**YOUR OBJECTIVE:**
Below are the records; repeat exactly their lines between the line holding "A pair of sunglasses" and the line holding "Устанавливается устройство между", inclusive, skipping the pictures.

[Extracted data entries]
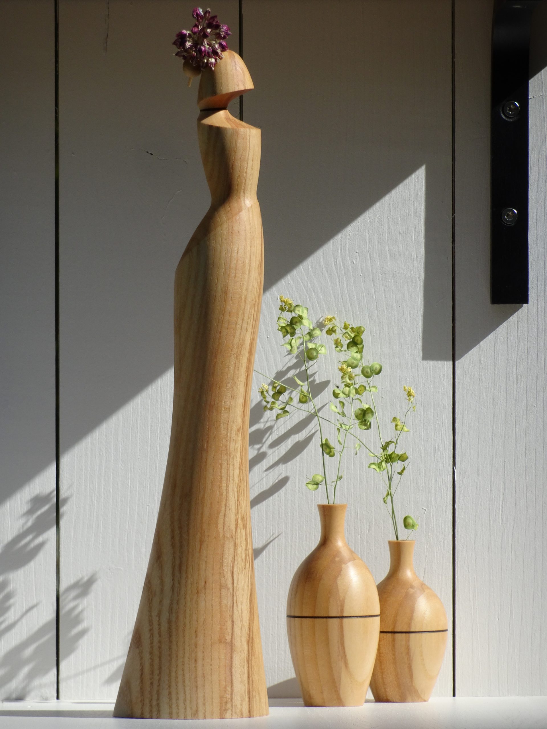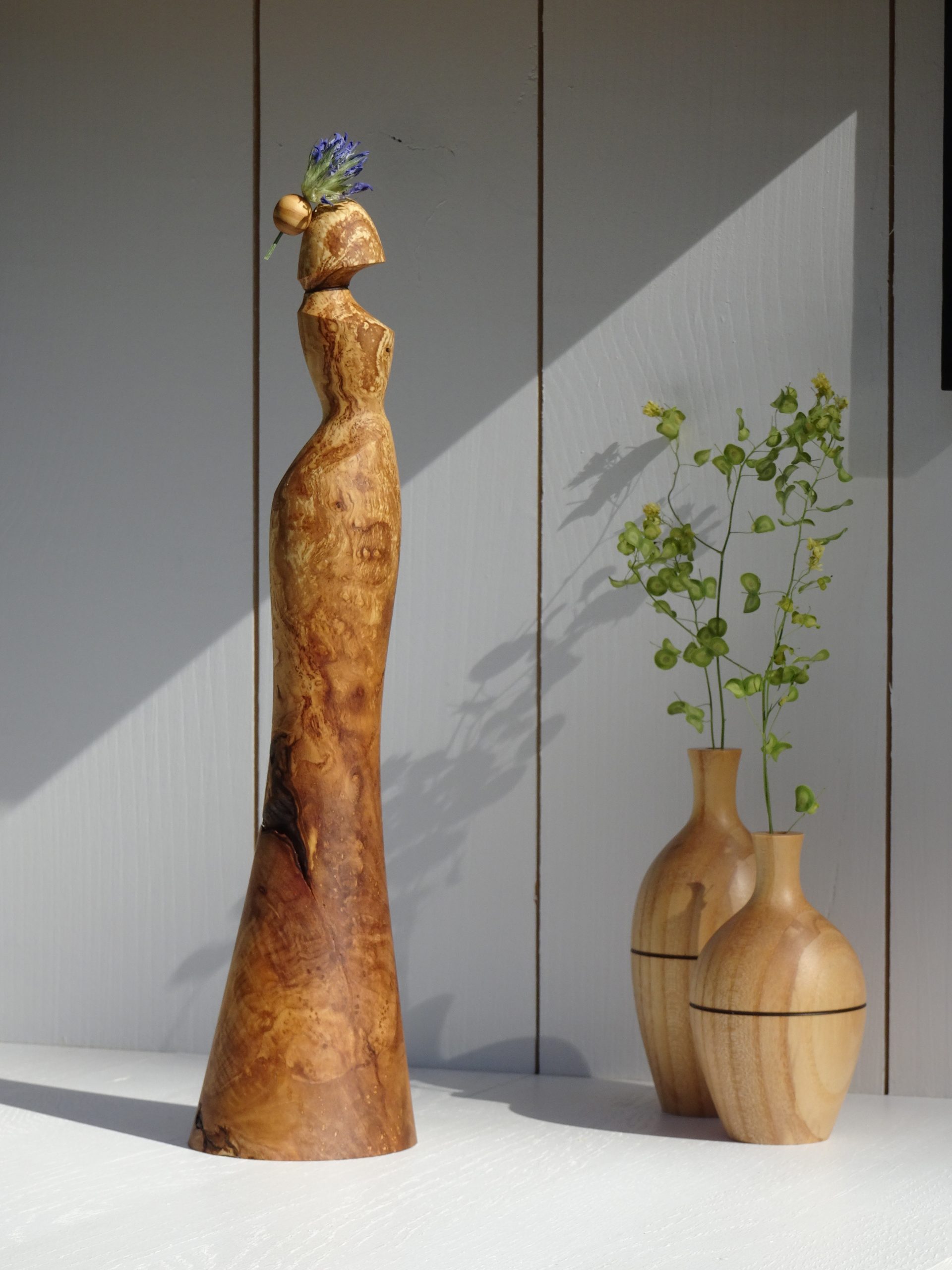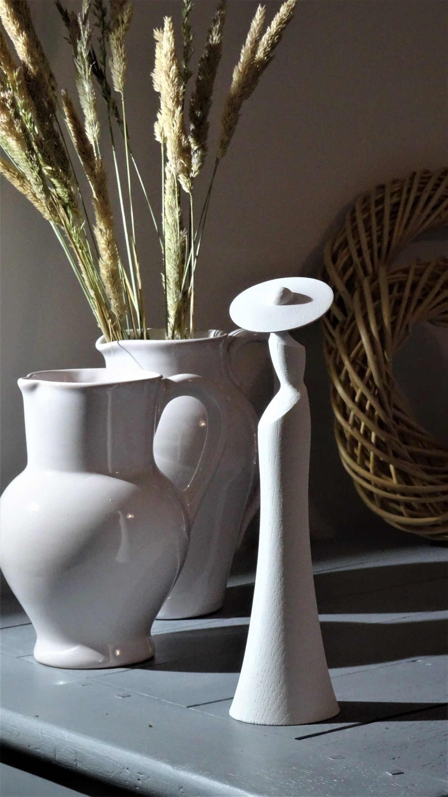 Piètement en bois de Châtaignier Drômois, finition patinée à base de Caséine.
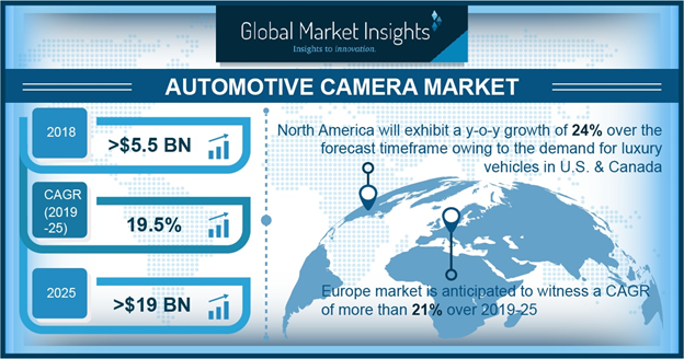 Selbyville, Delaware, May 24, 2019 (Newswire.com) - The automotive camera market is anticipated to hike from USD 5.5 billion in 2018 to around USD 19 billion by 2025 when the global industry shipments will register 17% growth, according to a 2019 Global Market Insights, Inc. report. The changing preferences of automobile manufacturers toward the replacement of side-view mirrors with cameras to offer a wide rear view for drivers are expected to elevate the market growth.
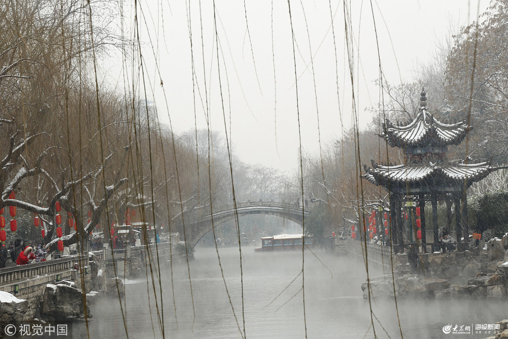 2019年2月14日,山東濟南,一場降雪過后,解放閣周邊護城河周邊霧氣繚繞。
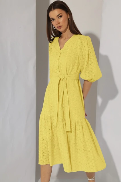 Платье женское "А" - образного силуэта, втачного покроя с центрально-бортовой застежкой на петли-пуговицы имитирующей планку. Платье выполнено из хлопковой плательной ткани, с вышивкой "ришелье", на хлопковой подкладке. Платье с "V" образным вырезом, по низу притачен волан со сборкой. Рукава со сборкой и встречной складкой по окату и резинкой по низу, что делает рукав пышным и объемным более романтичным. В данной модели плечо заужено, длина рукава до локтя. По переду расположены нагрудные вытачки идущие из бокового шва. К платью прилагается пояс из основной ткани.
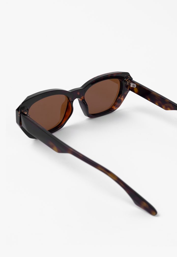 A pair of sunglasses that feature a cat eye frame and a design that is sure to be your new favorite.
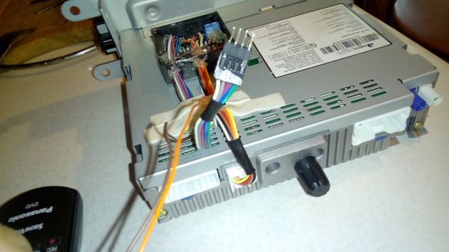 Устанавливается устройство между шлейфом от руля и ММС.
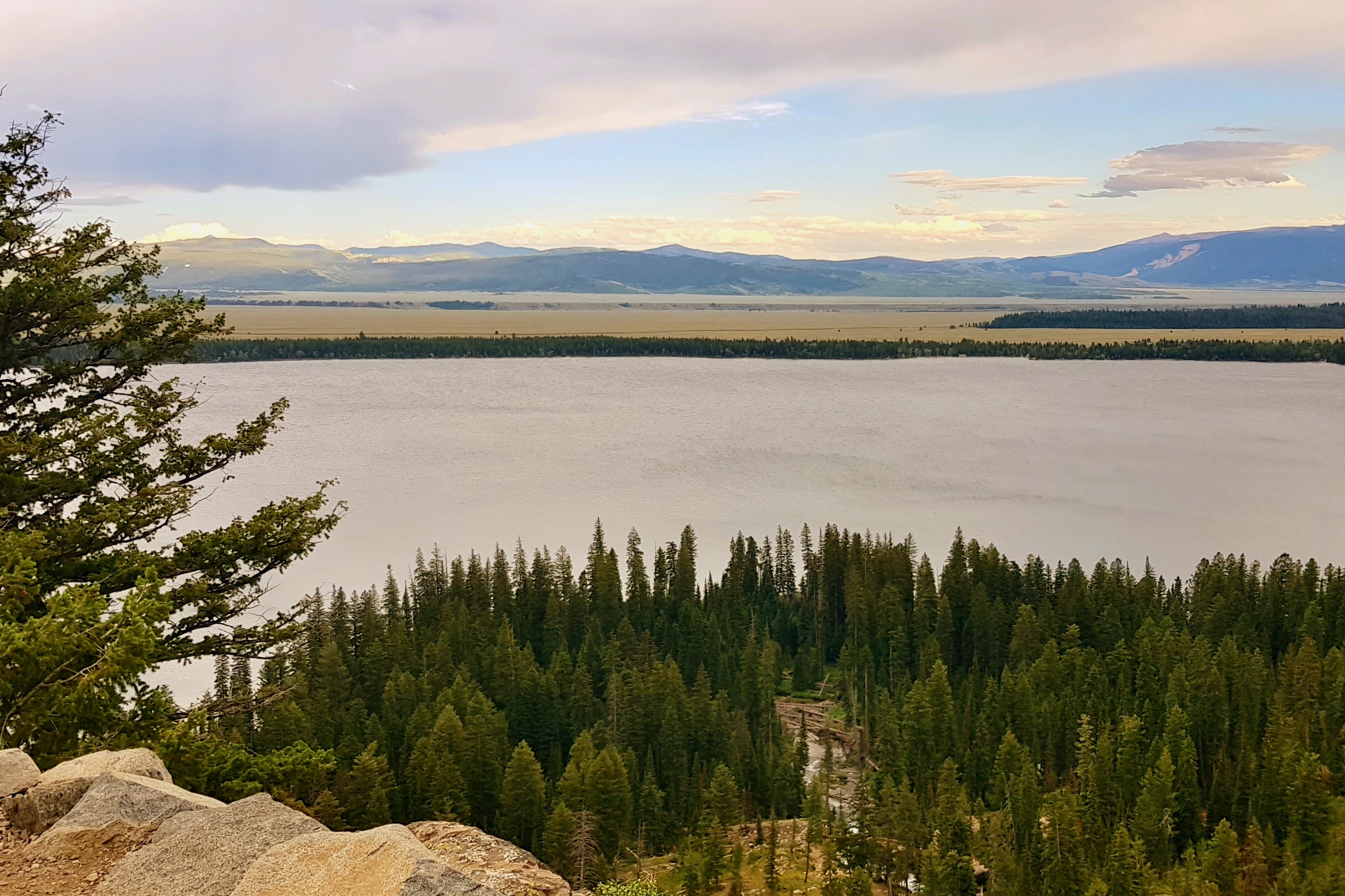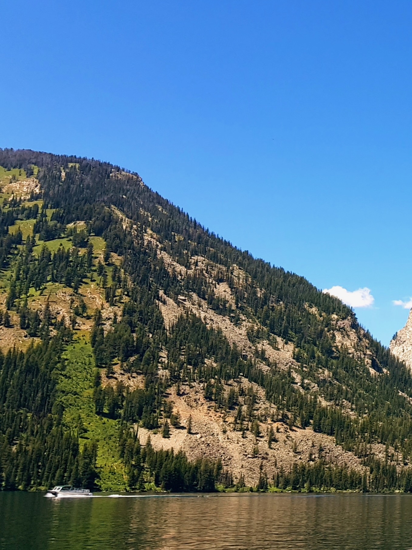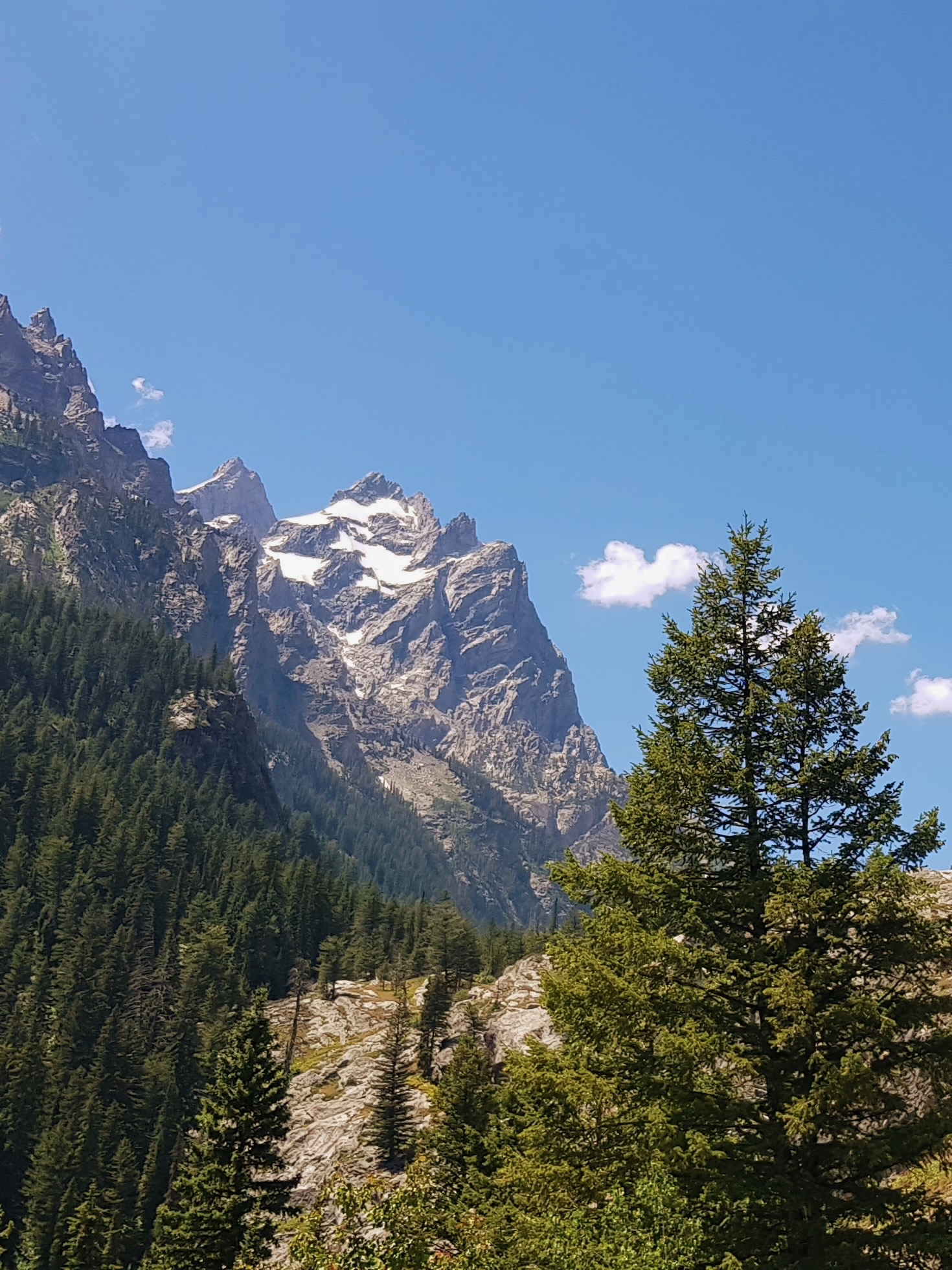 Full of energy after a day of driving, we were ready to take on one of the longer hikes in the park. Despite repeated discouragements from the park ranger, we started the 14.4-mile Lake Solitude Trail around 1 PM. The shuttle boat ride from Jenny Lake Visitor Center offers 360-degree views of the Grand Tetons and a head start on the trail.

**EXERCISE SOLUTION:**
 A pair of sunglasses that feature a cat eye frame and a design that is sure to be your new favorite.
 Устанавливается устройство между шлейфом от руля и ММС.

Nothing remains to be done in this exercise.